> [Your goal]: Leaving out all pictures, retype the records exactly.

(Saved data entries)

• • •

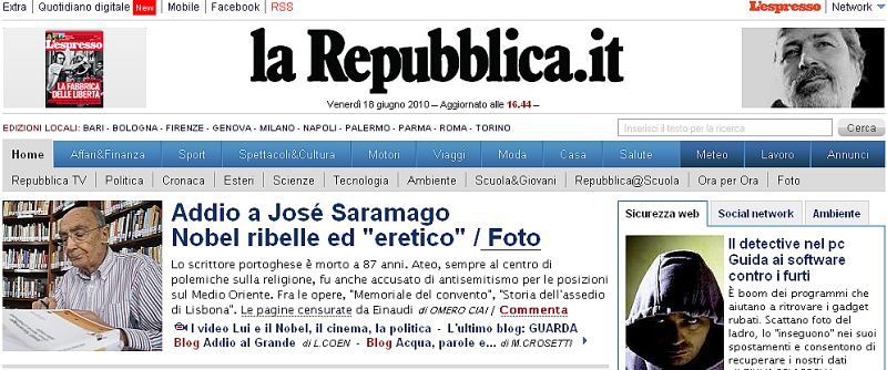 18.06.2010Italia es otro de los países europeos que se ha volcado en la cobertura de la muerte de Saramago. La Reppublica abría así su edición digital.larepubblica.it
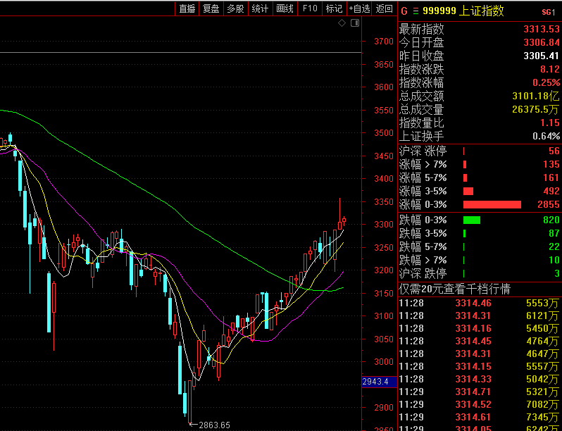 下午关注:大盘下方能否收在3300点之上,上方能否收在3330点之上?上涨个股数和涨停数能否进一步扩大?成交量能否达1.1万亿?
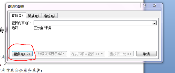 在打开的“查找和替换”对话框中单击“更多”按钮,以显示更多的查找选项。
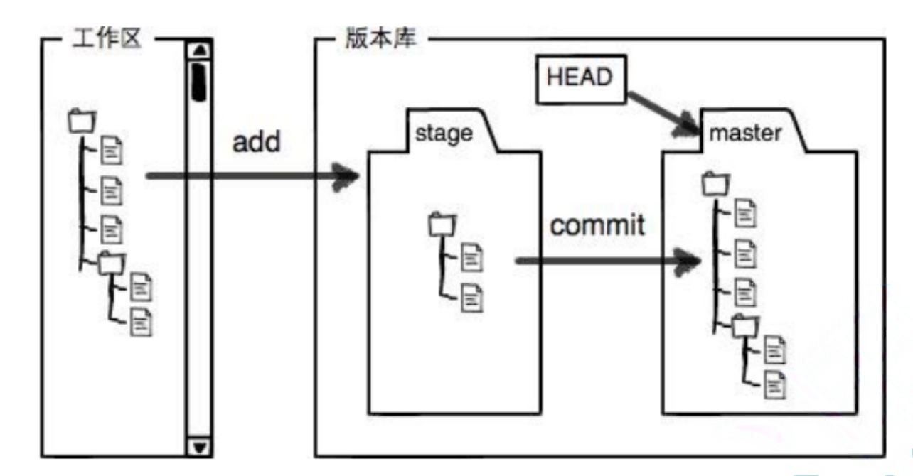 下⾯这个图展⽰了⼯作区、暂存区和版本库之间的关系:
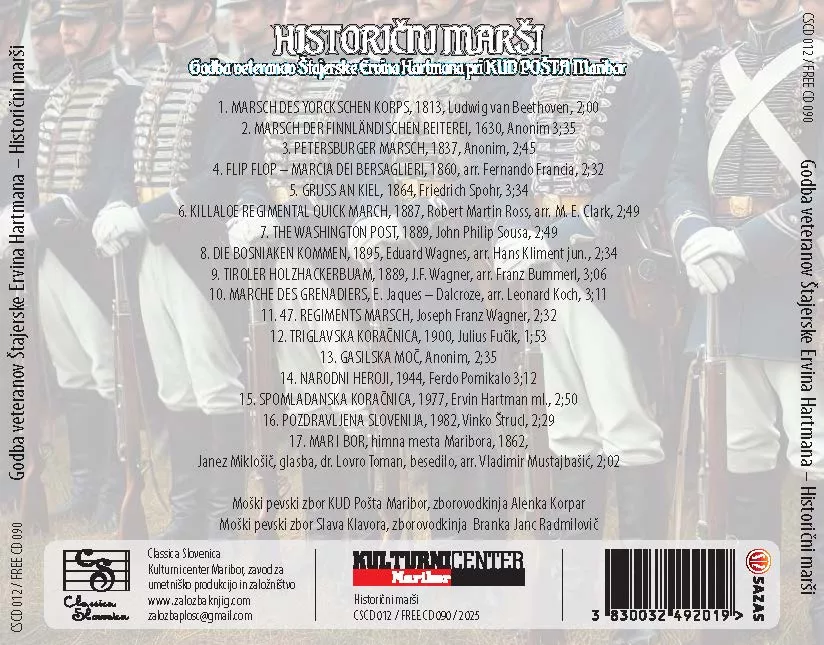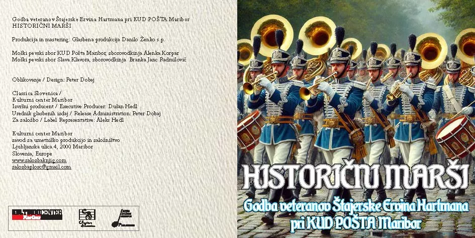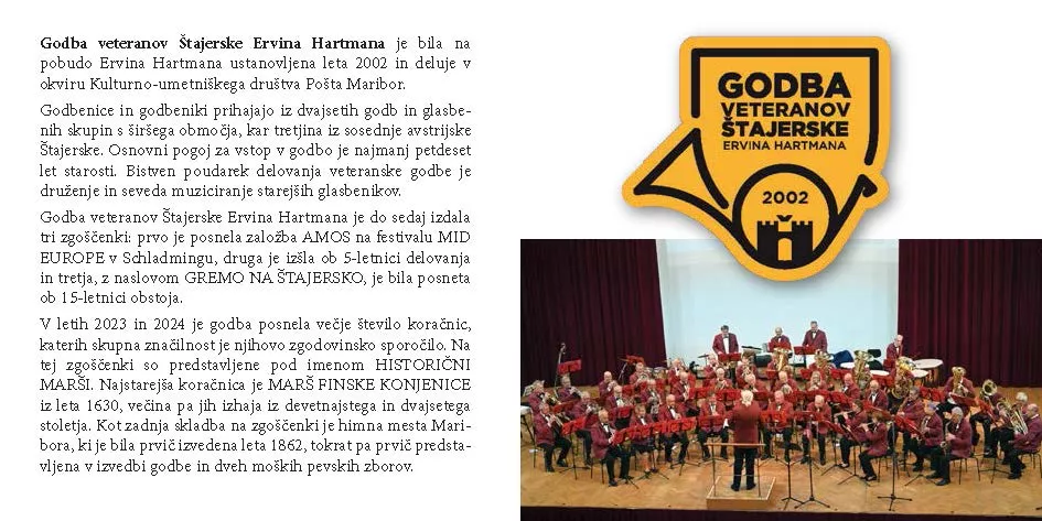 Ni dolgo tega, kar smo bili priča zelo lepo obiskanemu koncertu Godbe veteranov Štajerske Ervina Hartmana, kjer je občinstvo v mariborski dvorani Union nagradilo nastopajoče s stoječimi ovacijami, sedaj pa je na voljo njihov novi, že četrti CD pod nazivom »Historični marši«, v založbi Kulturnega centra Maribor.

• • •

> [Response below]:
 18.06.2010Italia es otro de los países europeos que se ha volcado en la cobertura de la muerte de Saramago. La Reppublica abría así su edición digital.larepubblica.it
 下午关注:大盘下方能否收在3300点之上,上方能否收在3330点之上?上涨个股数和涨停数能否进一步扩大?成交量能否达1.1万亿?
 在打开的“查找和替换”对话框中单击“更多”按钮,以显示更多的查找选项。
 下⾯这个图展⽰了⼯作区、暂存区和版本库之间的关系:
 Ni dolgo tega, kar smo bili priča zelo lepo obiskanemu koncertu Godbe veteranov Štajerske Ervina Hartmana, kjer je občinstvo v mariborski dvorani Union nagradilo nastopajoče s stoječimi ovacijami, sedaj pa je na voljo njihov novi, že četrti CD pod nazivom »Historični marši«, v založbi Kulturnega centra Maribor.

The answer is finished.